You can imagine his surprise when he saw his own eyes

This lyric implies that the woman is travelling with her child, the offspring of their union. The man is perceptive enough to recognise the child as his own! I find this unlikely, but let’s say the man has some distinctive feature or other that was genetically propagated to the next generation. The song mentions eyes – so he must have distinctive eyes.

So the “lonely boy” is surprised at having met his own child that he didn’t know he had. I’ll bet he was surprised! That would surprise me too.

The song now takes a pleading, screaming tone:

I said please, please understand
I’m in love with another man

This is another two lines that can be shouted rather than sung in the shower. Key change again.
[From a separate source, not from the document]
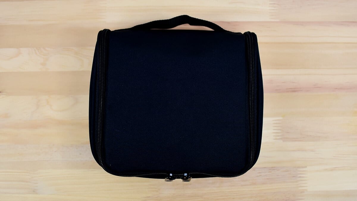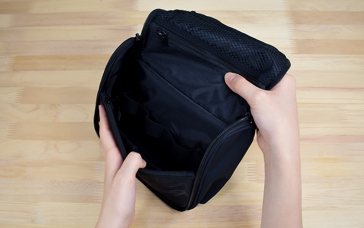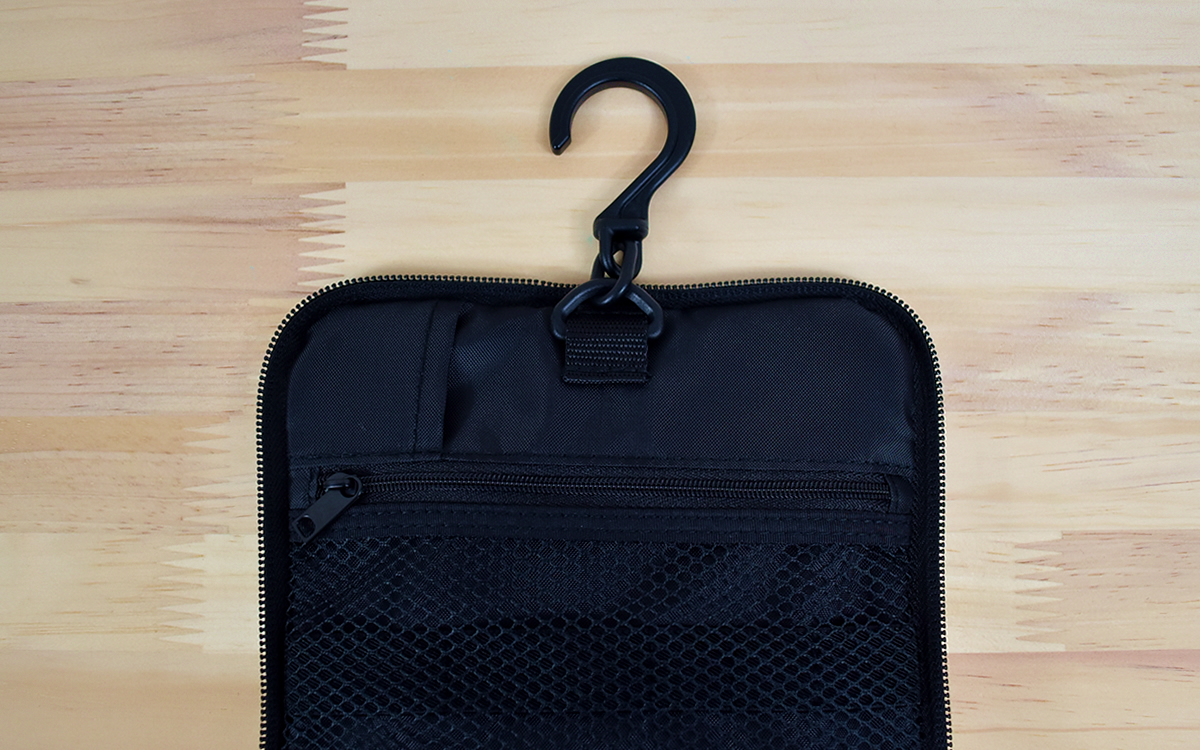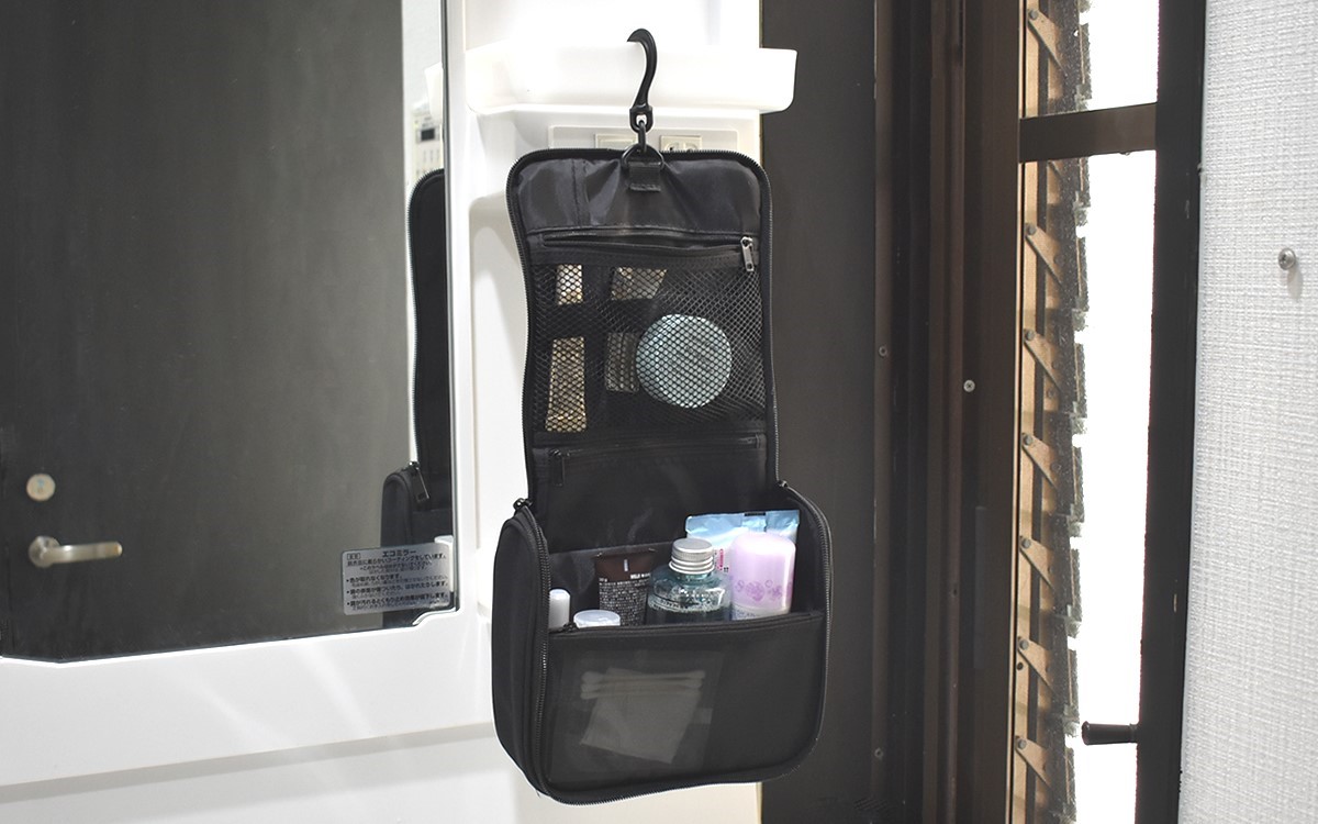 黒一色でシックな印象の同商品。手提げがついているので一見ポーチのように見えますが、ファスナーを開けてみると吊り下げ用のフックが。ケース内は化粧水ボトルが入るほど口が広く、内側にはバンドが縫い留められているので歯ブラシやペンシル型のメイクグッズを立てるのに役立ちます。

It’s quite self explanatory, she pleads with the boy to understand that she has another long term partner. Presumably they are married but this doesn’t really matter. The point is that before the one night stand, she and this other fella were in love, and they still are…
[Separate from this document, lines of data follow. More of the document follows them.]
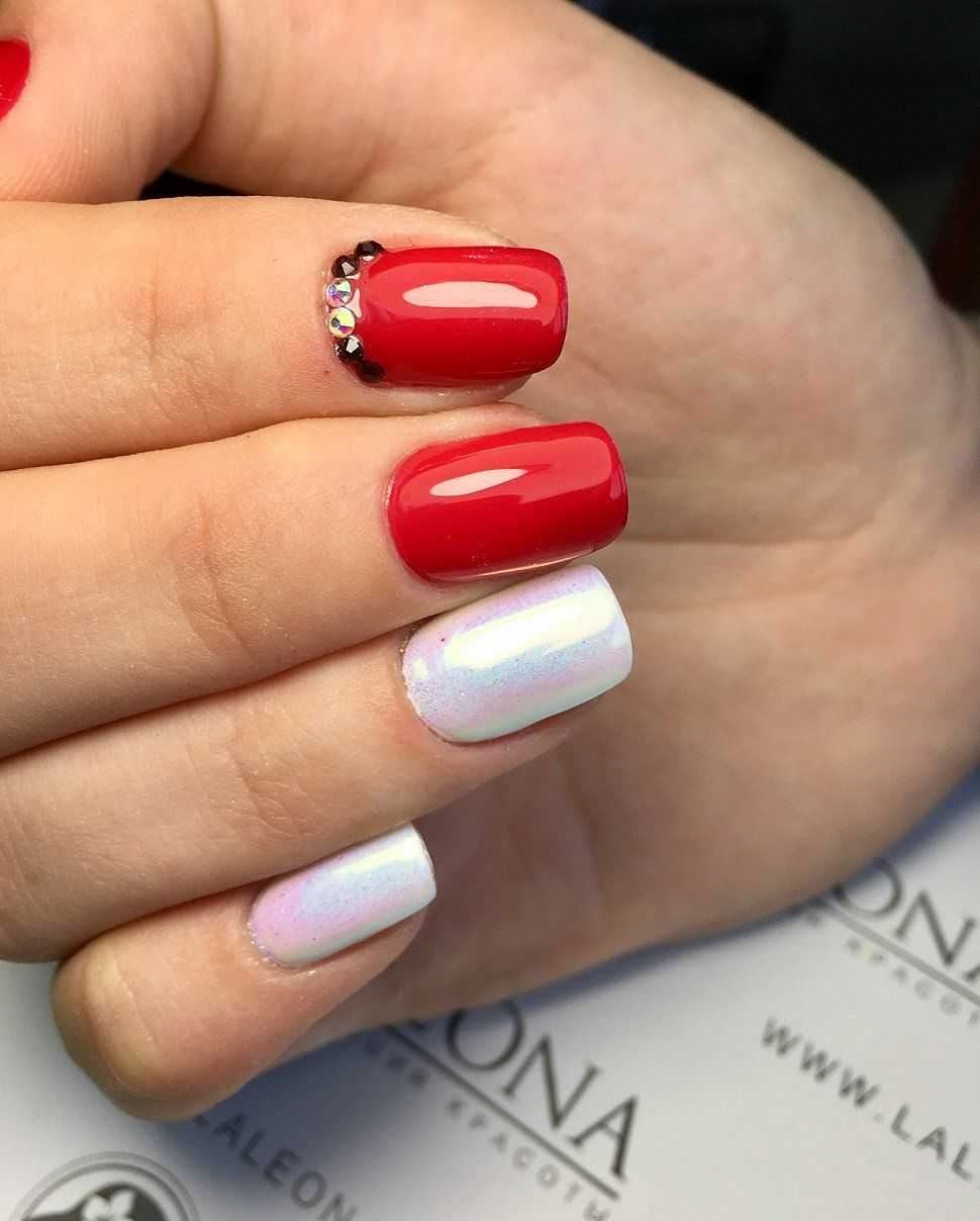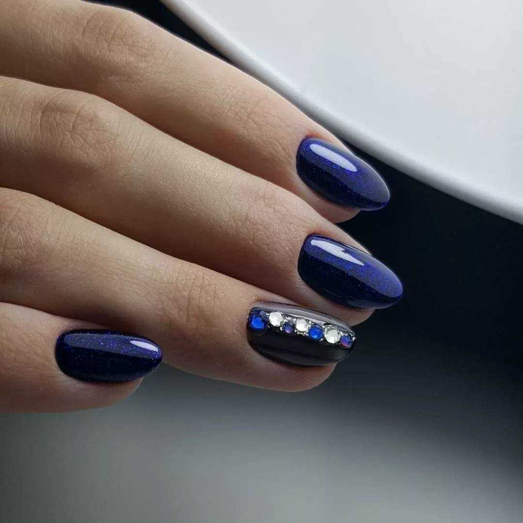 Зима в 2019 году буквально создана для холодных красок на коротких ногтях. Новинки дизайна диктуют свои правила, среди которых синие тона сочетаются с белым, голубым, черным, бирюзовым и красным. Украсит ноготки на Новый год блеск глиттера или россыпи стразов.
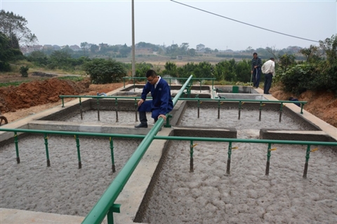 塔石镇童岗坞村童良兴的倶兴养猪场,6月份以来共投资60万元资金,把猪场内的污水采用管道统一接到污水处理池,再由十几台机器在4米多深的分格式处理池中分解工作,最后达标排放。
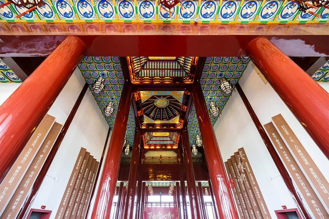 走入楼内,抬首仰望,几根廊柱是饱满红色,屋顶则装饰了精美花纹。
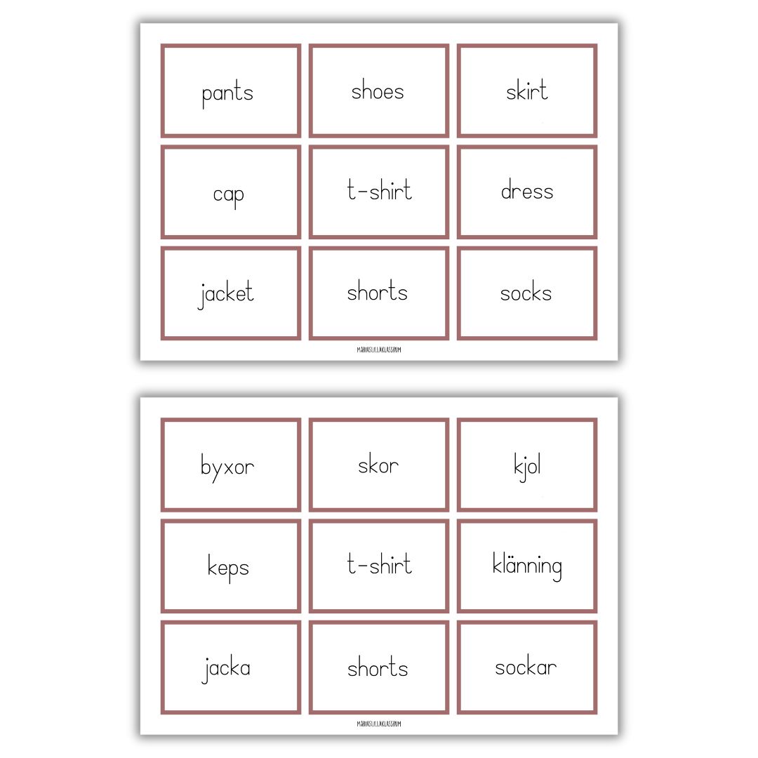6. Nio engelska ord att laminera och klippa ut.

And what he couldn’t give me (oh oh oh oh)
was the one little thing that you can

SPERM! The whole song is about sperm. Now we don’t know the particular reproductive issues that the other man is having, it could be low testosterone leading to low sperm count, low motility, auto immune disorder whereby his sperm is attacked by his own immune system, chainsaw accident etc – either way, the woman wanted to have a baby, the man she was in love with was not able to provide one, so she sought out a stranger to have sex with and become pregnant.

What isn’t made clear is whether the woman told her long term partner what she was planning, or whether the man knows that he’s impotent, or whether the man knows that the child that he is presumably raising as his own really is his own!

Personally I’d love to know what the other side of this relationship looks like, but according to the way the woman callously refused to consider the feelings of the “lonely boy” earlier in the song, I think it’s highly likely that the “other man” has no idea that she had sex with strangers in order to get pregnant, and if that’s the case, he doesn’t know that the child isn’t his.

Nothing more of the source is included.